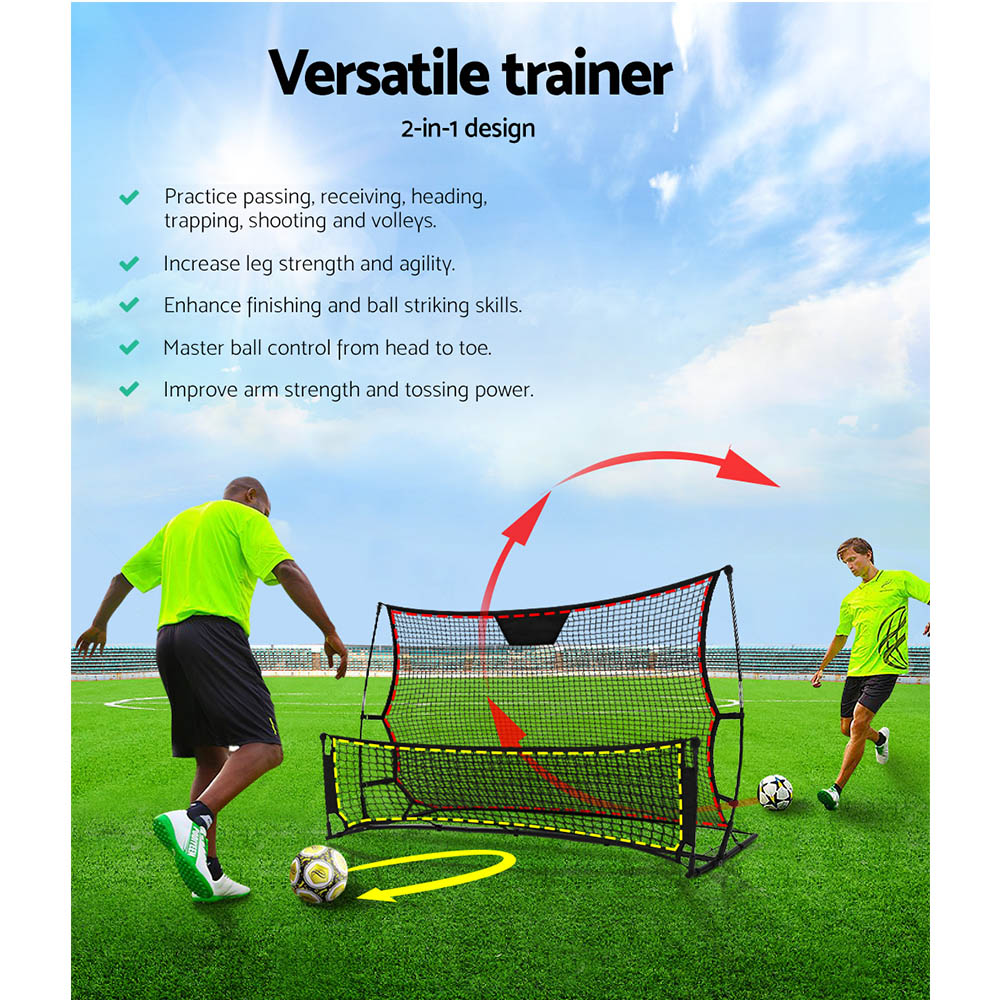 If you love the beautiful game, you will surely love the Everfit Portable Soccer Rebounder Net. Easy to set up, the portable goal comes with a sturdy powder-coated steel frame and a high-density PE net to practice your soccer skills. Passing, receiving, heading, trapping, volleys and shootings are all intermixed with reactive skills on dealing with unpredictable ball rebounds. From goalkeeper to full back to forward, every soccer position can be rigorously trained and tested in real game-like conditions. The frame itself is made with 40% more steel for extra durability. Plus, the four ground stakes ensure that the entire ensemble stays firmly in place with robust play. Not least, you can carry the goal easily to any location for a game with the bonus carry bag.
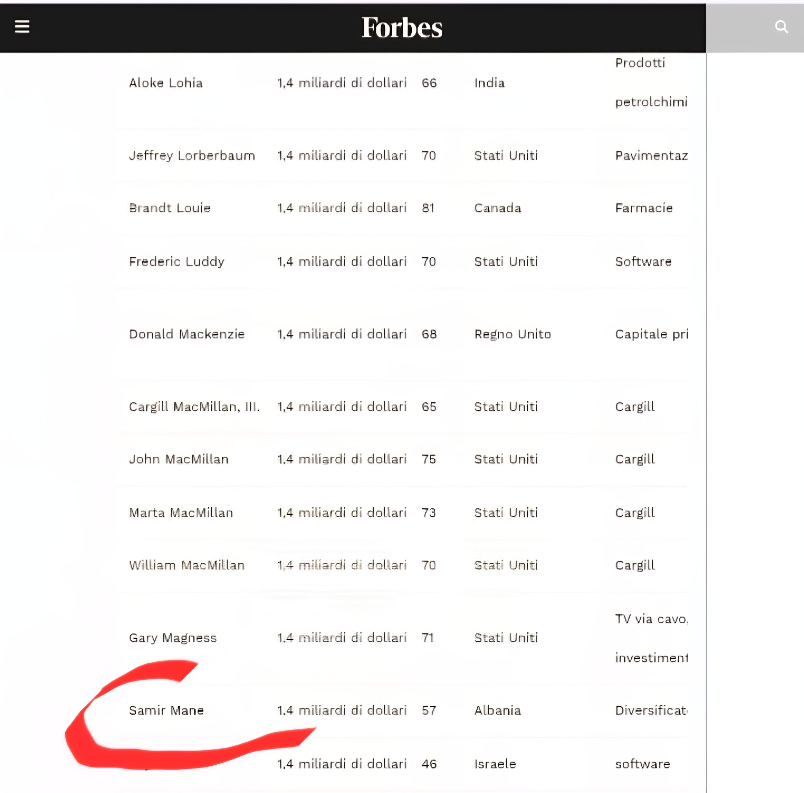 Sipas listës më të fundit të Forbes që analizoi sot noa.al, Samir Mane është shqiptari i vetëm dhe më i pasuri që është përfshirë në renditjen globale të të pasurve (billionaires) në botë. Ai renditet në vendin e 2356 mes 2933 miliarderëve në gjithë globin.
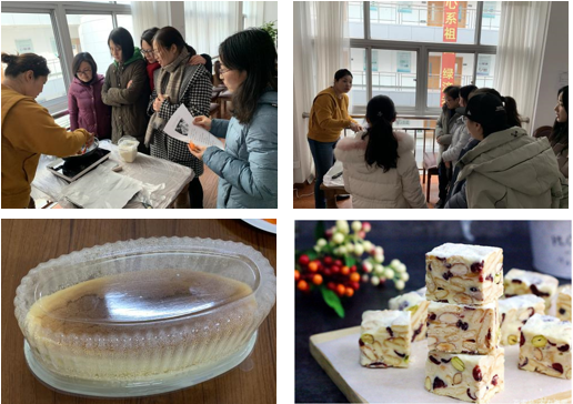 首先,教师们认真聆听美食指导老师陶然的讲解和演示,并动手按配方及要求,仔细操作,认真定型,最终,教师们都顺利做成了可口的雪花酥。见到自己优秀的成果,老师们惊叹不已,并表示将回家向家人展示手艺。
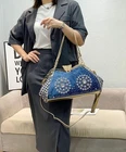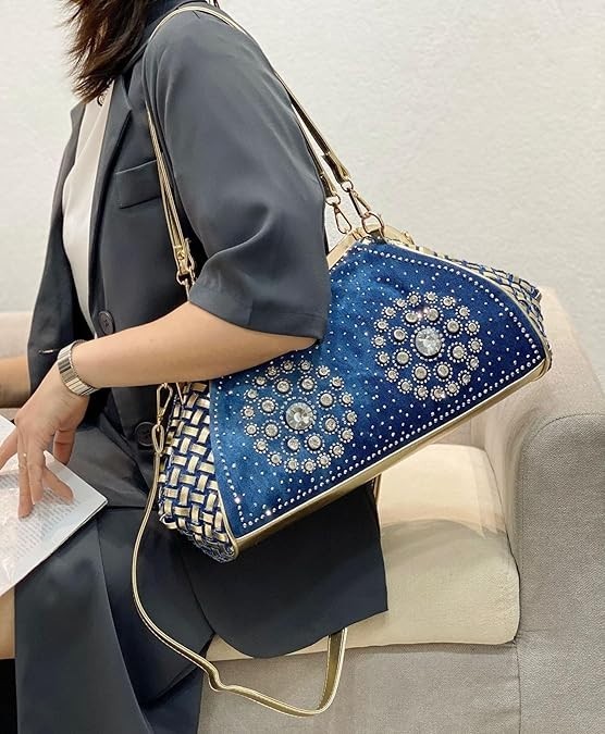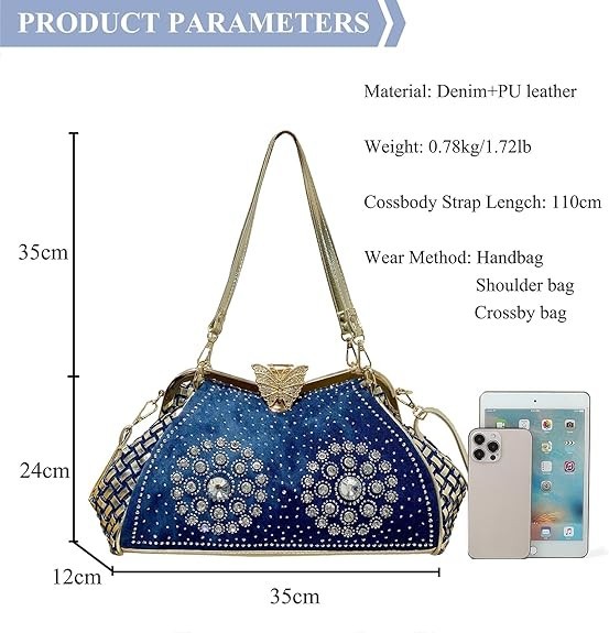 【Material】: Premium denim fabric and PU leather, comfortable, machine washable, ironable, soft to the touch, durable, hand-woven design, luxurious butterfly clasp, adorned with countless sparkling A CLASS rhinestones using eco-friendly adhesive. I believe these highlights will win your favor. 【Dimensions】: 35 cm (L) x 12 cm (W) x 24 cm (H), Handle height: 35 cm (suitable for shoulder carry), Detachable shoulder strap length: 110 cm (long enough for crossbody use), Ideal for daily use. Spacious interior accommodates daily essentials like a folding umbrella, phone, power bank, cosmetics, wallet, etc. 【Weight】: 0.78 kg / 1.72 lbs. A lightweight, portable clutch. Its unique design style makes you the center of attention at any party. 【Versatile Use】: Perfect for daily occasions—parties, travel, work, or shopping. Additionally, the adjustable and removable shoulder strap allows it to function as a handbag, crossbody, or shoulder bag. Effortlessly pairs with any outfit, from dresses to jeans. Fashionable and casual, embodying everything you dream of in a single shoulder tote. An essential piece for women this season.
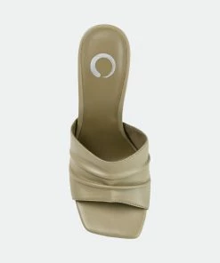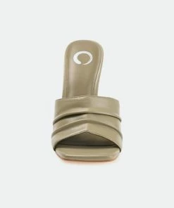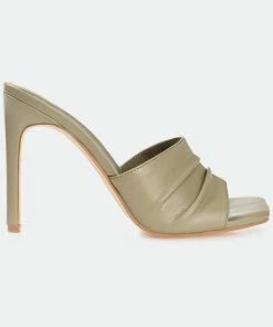 An attention-getting style you’ll want to wear every day, the Camber by Journee Collection. This slip-on heel features vegan leather uppers detailed with ruching and an open toe. A super supportive 4 mm Tru Comfort Foam™ footbed finishes the design for a comfortable but elevated fit.Heel Height:4-inchHeel Type: Stiletto Platform Height:Flat-inchShoe Width: MediumClosure Type: Slip-onStrap Type: Single BandToe Style: OpenLining: Faux LeatherUpper Material: Vegan LeatherOutersole Material: Man-madeFootbed: 4 MM Tru Comfort Foam™All measurements are approximate and were taken using a size 6. Please note measurements may vary slightly by size.
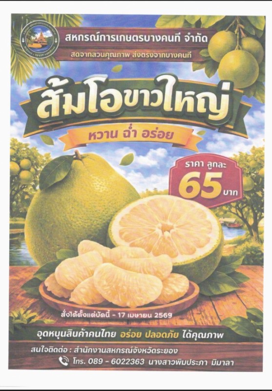 ประชาสัมพันธ์ การจำหน่ายส้มโอพันธุ์ขาวใหญ่ของสหกรณ์การเกษตรบางคนที จำกัด
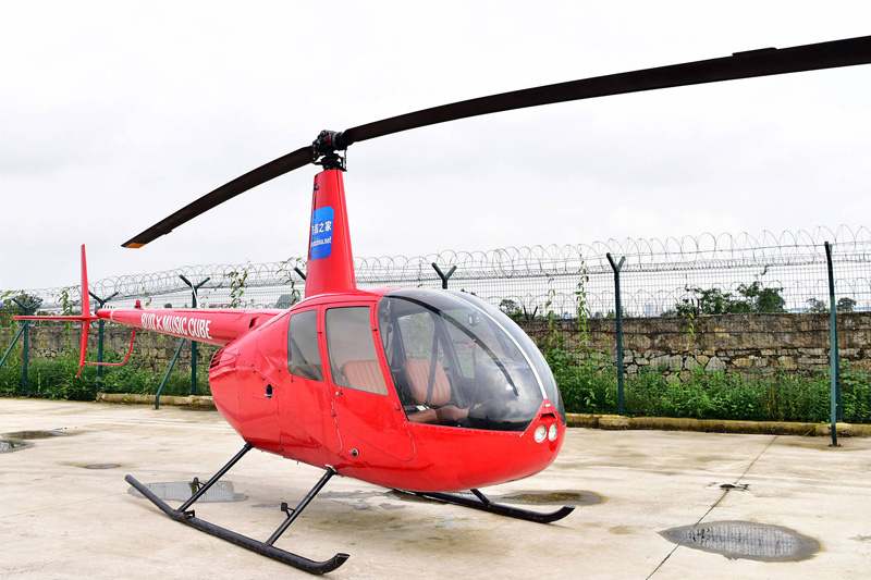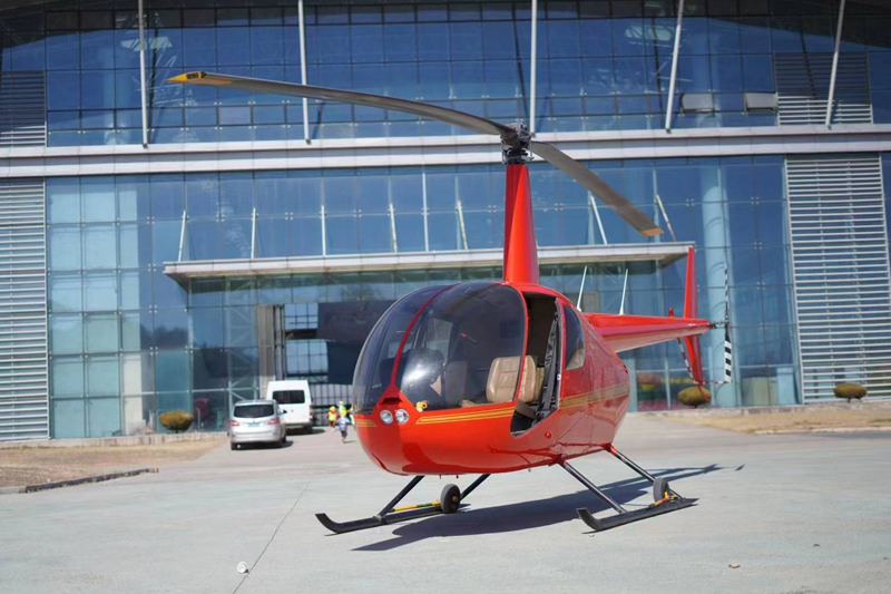 阳泉一架价值500多万的红色罗宾逊直升机开展静展活动

====================

Directions: Where an entry includes an image, skip the image and return everything else exactly.

Worked solution:
 If you love the beautiful game, you will surely love the Everfit Portable Soccer Rebounder Net. Easy to set up, the portable goal comes with a sturdy powder-coated steel frame and a high-density PE net to practice your soccer skills. Passing, receiving, heading, trapping, volleys and shootings are all intermixed with reactive skills on dealing with unpredictable ball rebounds. From goalkeeper to full back to forward, every soccer position can be rigorously trained and tested in real game-like conditions. The frame itself is made with 40% more steel for extra durability. Plus, the four ground stakes ensure that the entire ensemble stays firmly in place with robust play. Not least, you can carry the goal easily to any location for a game with the bonus carry bag.
 Sipas listës më të fundit të Forbes që analizoi sot noa.al, Samir Mane është shqiptari i vetëm dhe më i pasuri që është përfshirë në renditjen globale të të pasurve (billionaires) në botë. Ai renditet në vendin e 2356 mes 2933 miliarderëve në gjithë globin.
 首先,教师们认真聆听美食指导老师陶然的讲解和演示,并动手按配方及要求,仔细操作,认真定型,最终,教师们都顺利做成了可口的雪花酥。见到自己优秀的成果,老师们惊叹不已,并表示将回家向家人展示手艺。
 【Material】: Premium denim fabric and PU leather, comfortable, machine washable, ironable, soft to the touch, durable, hand-woven design, luxurious butterfly clasp, adorned with countless sparkling A CLASS rhinestones using eco-friendly adhesive. I believe these highlights will win your favor. 【Dimensions】: 35 cm (L) x 12 cm (W) x 24 cm (H), Handle height: 35 cm (suitable for shoulder carry), Detachable shoulder strap length: 110 cm (long enough for crossbody use), Ideal for daily use. Spacious interior accommodates daily essentials like a folding umbrella, phone, power bank, cosmetics, wallet, etc. 【Weight】: 0.78 kg / 1.72 lbs. A lightweight, portable clutch. Its unique design style makes you the center of attention at any party. 【Versatile Use】: Perfect for daily occasions—parties, travel, work, or shopping. Additionally, the adjustable and removable shoulder strap allows it to function as a handbag, crossbody, or shoulder bag. Effortlessly pairs with any outfit, from dresses to jeans. Fashionable and casual, embodying everything you dream of in a single shoulder tote. An essential piece for women this season.
 An attention-getting style you’ll want to wear every day, the Camber by Journee Collection. This slip-on heel features vegan leather uppers detailed with ruching and an open toe. A super supportive 4 mm Tru Comfort Foam™ footbed finishes the design for a comfortable but elevated fit.Heel Height:4-inchHeel Type: Stiletto Platform Height:Flat-inchShoe Width: MediumClosure Type: Slip-onStrap Type: Single BandToe Style: OpenLining: Faux LeatherUpper Material: Vegan LeatherOutersole Material: Man-madeFootbed: 4 MM Tru Comfort Foam™All measurements are approximate and were taken using a size 6. Please note measurements may vary slightly by size.
 ประชาสัมพันธ์ การจำหน่ายส้มโอพันธุ์ขาวใหญ่ของสหกรณ์การเกษตรบางคนที จำกัด
 阳泉一架价值500多万的红色罗宾逊直升机开展静展活动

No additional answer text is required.